Print all of the data below exactly as it appears, leaving out every image.

**** DATA SECTION

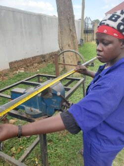 Trainees have supported community organisations, refining and showcasing their skills and providing valuable resources for the local community. Tailoring graduates produced 650 Reusable Sanitary pads for four Community Primary Schools, and Welding graduates made twenty bunk beds for the training centre hostels as part of their work experience.
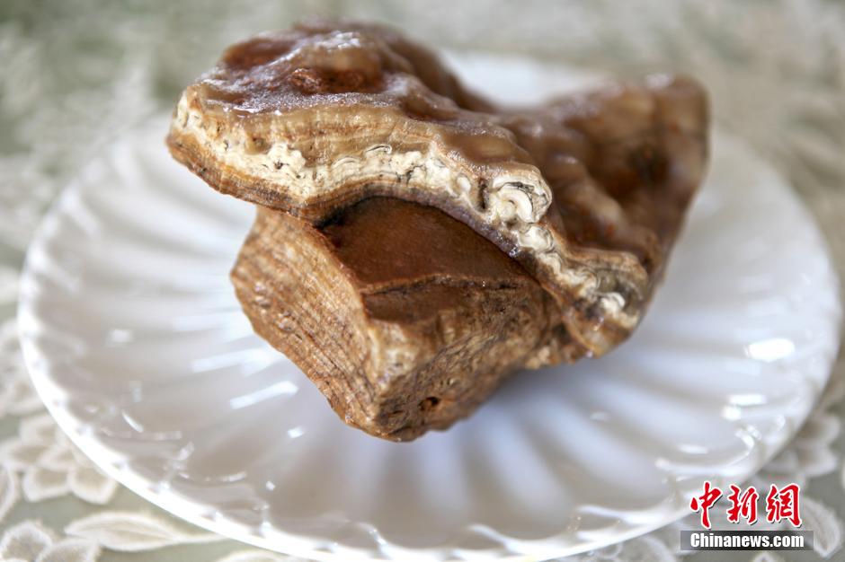 12月11日,河南省新密市国土资源局职工陈昱仲,用收集到的20多块“肉石”摆出了一桌丰盛的“肉石宴”。在20多块形态各异的“肉石”中,有的似猪酮体的五花肉,有的像红烧肉,一块块精美、逼真,有些“肉石”还可以明显看出肉皮、肥肉、瘦肉、软骨相间等部分,简直能够以假乱真,如果你不用手摸一摸,很难分辨出它竟是大自然形成的石头。据悉,“肉石”系天然石种,多数属沉积岩,硅置岩或变质岩,是在地质运动过程中与其他矿物质接触色化而成。“肉石”珍贵贵在有皮,世间红白相间的石头比较多,但要有皮才算“肉石”中的上品。图为几可乱真的“肉石”。梁冠山 摄
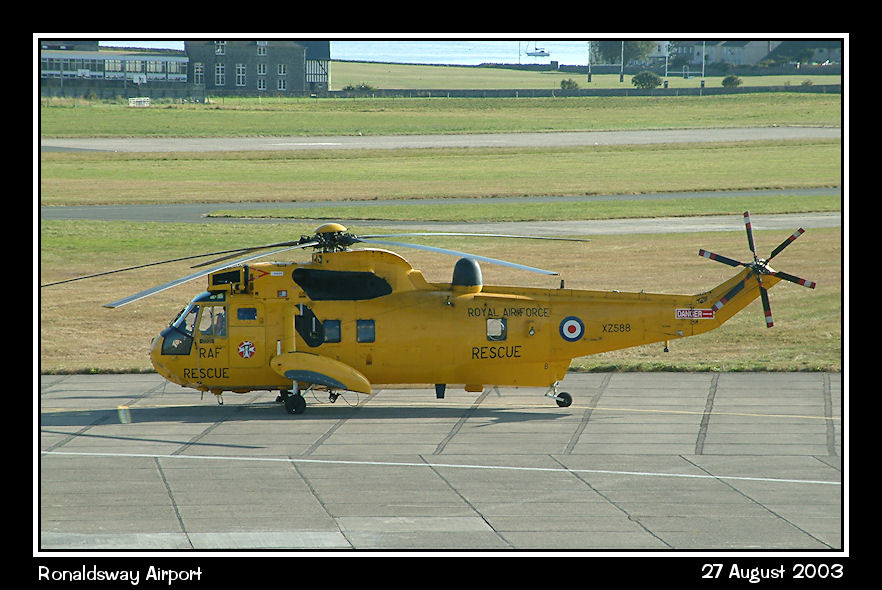 RAf 22 Sqn Sea King XZ588, which had earlier airlifted an injured fisherman from a boat to Noble's Hospital on the island
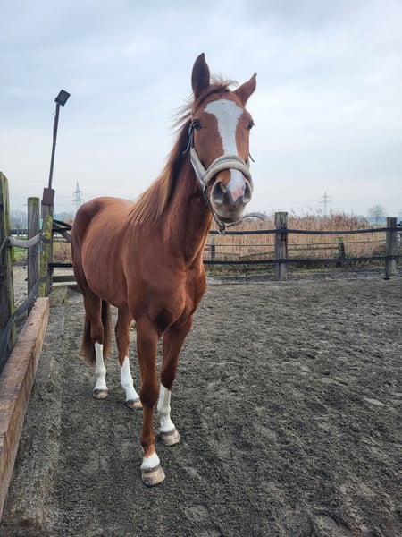 Ich muss mich leider aus zeitlichen Gründen von meiner geliebten Hannoveraner Stute im April 4 Jahre alt und aktuell ca 174cm große Bellatrixi trennen. Bellatrixi ist ein absolutes Traumpferd. Mit ihr kann man alles machen. Sie hat ein liebevolles und ruhiges Wesen. Mit ihr kann man problemlos alleine oder auch in der Gruppe spazieren gehen. Auch Bodenarbeit wie longieren mit Sattel und Trense kennt sie und macht sie super brav mit. Dabei hört sie auch auf die Stimme. Auch das laufen lassen ohne Longe macht sie hervorragend mit und läuft um einen herum. Außerdem kennt sie Trecker, Bullen, Hunde und was alles noch so im Straßenverkehr unterwegs ist, dabei ist sie immer lieb und unerschrocken. Bellatrixi überzeugt nicht nur durch ihre liebevolle und zuverlässige Art, auch ihre Gänge sind ein Traum. Sie schwebt gerade zu über den Boden. Durch ihre Abstammung ist sie auch für die Zucht sehr interessant. Benico ist ihr Vater, Quantensprung und Belissiomo sind ihre Großväter. Siehe Bilder. Bellatrixi ist geimpft und entwurmt. Im Mai wurden ihre Zähne gemacht und der Wolfszahn gezogen. Alle 6-7 Wochen ist sie vorstellig beim Hufschmied und dabei auch total brav. Aktuell hat sie Eisen vorne drauf, wegen einer leichten Fehlstellung zum korrigieren. Bald können die Eisen aber ab bleiben. Bei Fragen stehe ich Ihnen gerne zur Verfügung. Ich wünsche mir für Bellatrixi ein 5 Sterne zu Hause wo es ihr auch wirklich gut geht und sie genau wie bei mir mit Liebe behandelt wird.
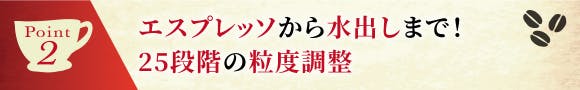 設定は1~25段階(数字が大きくなるほど、豆の粒度は粗くなります)までをオススメしております。 25段階の先まで回すことも可能ですが、豆が粗くなりすぎるのでご注意ください。
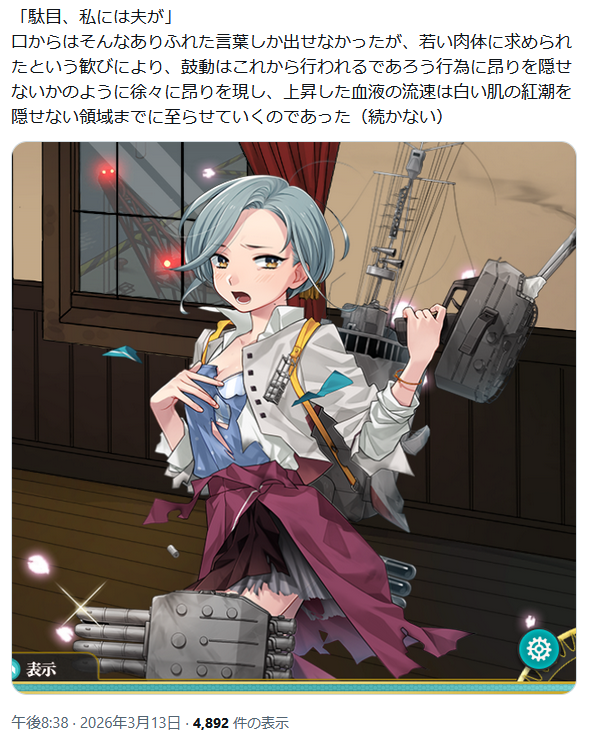 | … | 998無題Nameとしあき 26/03/13(金)19:42:01No.25496084+「かや」が進水した暁にはどうなるのかや?(初春ガール) |

********

→ **TASK SOLUTION**
 Trainees have supported community organisations, refining and showcasing their skills and providing valuable resources for the local community. Tailoring graduates produced 650 Reusable Sanitary pads for four Community Primary Schools, and Welding graduates made twenty bunk beds for the training centre hostels as part of their work experience.
 12月11日,河南省新密市国土资源局职工陈昱仲,用收集到的20多块“肉石”摆出了一桌丰盛的“肉石宴”。在20多块形态各异的“肉石”中,有的似猪酮体的五花肉,有的像红烧肉,一块块精美、逼真,有些“肉石”还可以明显看出肉皮、肥肉、瘦肉、软骨相间等部分,简直能够以假乱真,如果你不用手摸一摸,很难分辨出它竟是大自然形成的石头。据悉,“肉石”系天然石种,多数属沉积岩,硅置岩或变质岩,是在地质运动过程中与其他矿物质接触色化而成。“肉石”珍贵贵在有皮,世间红白相间的石头比较多,但要有皮才算“肉石”中的上品。图为几可乱真的“肉石”。梁冠山 摄
 RAf 22 Sqn Sea King XZ588, which had earlier airlifted an injured fisherman from a boat to Noble's Hospital on the island
 Ich muss mich leider aus zeitlichen Gründen von meiner geliebten Hannoveraner Stute im April 4 Jahre alt und aktuell ca 174cm große Bellatrixi trennen. Bellatrixi ist ein absolutes Traumpferd. Mit ihr kann man alles machen. Sie hat ein liebevolles und ruhiges Wesen. Mit ihr kann man problemlos alleine oder auch in der Gruppe spazieren gehen. Auch Bodenarbeit wie longieren mit Sattel und Trense kennt sie und macht sie super brav mit. Dabei hört sie auch auf die Stimme. Auch das laufen lassen ohne Longe macht sie hervorragend mit und läuft um einen herum. Außerdem kennt sie Trecker, Bullen, Hunde und was alles noch so im Straßenverkehr unterwegs ist, dabei ist sie immer lieb und unerschrocken. Bellatrixi überzeugt nicht nur durch ihre liebevolle und zuverlässige Art, auch ihre Gänge sind ein Traum. Sie schwebt gerade zu über den Boden. Durch ihre Abstammung ist sie auch für die Zucht sehr interessant. Benico ist ihr Vater, Quantensprung und Belissiomo sind ihre Großväter. Siehe Bilder. Bellatrixi ist geimpft und entwurmt. Im Mai wurden ihre Zähne gemacht und der Wolfszahn gezogen. Alle 6-7 Wochen ist sie vorstellig beim Hufschmied und dabei auch total brav. Aktuell hat sie Eisen vorne drauf, wegen einer leichten Fehlstellung zum korrigieren. Bald können die Eisen aber ab bleiben. Bei Fragen stehe ich Ihnen gerne zur Verfügung. Ich wünsche mir für Bellatrixi ein 5 Sterne zu Hause wo es ihr auch wirklich gut geht und sie genau wie bei mir mit Liebe behandelt wird.
 設定は1~25段階(数字が大きくなるほど、豆の粒度は粗くなります)までをオススメしております。 25段階の先まで回すことも可能ですが、豆が粗くなりすぎるのでご注意ください。
 | … | 998無題Nameとしあき 26/03/13(金)19:42:01No.25496084+「かや」が進水した暁にはどうなるのかや?(初春ガール) |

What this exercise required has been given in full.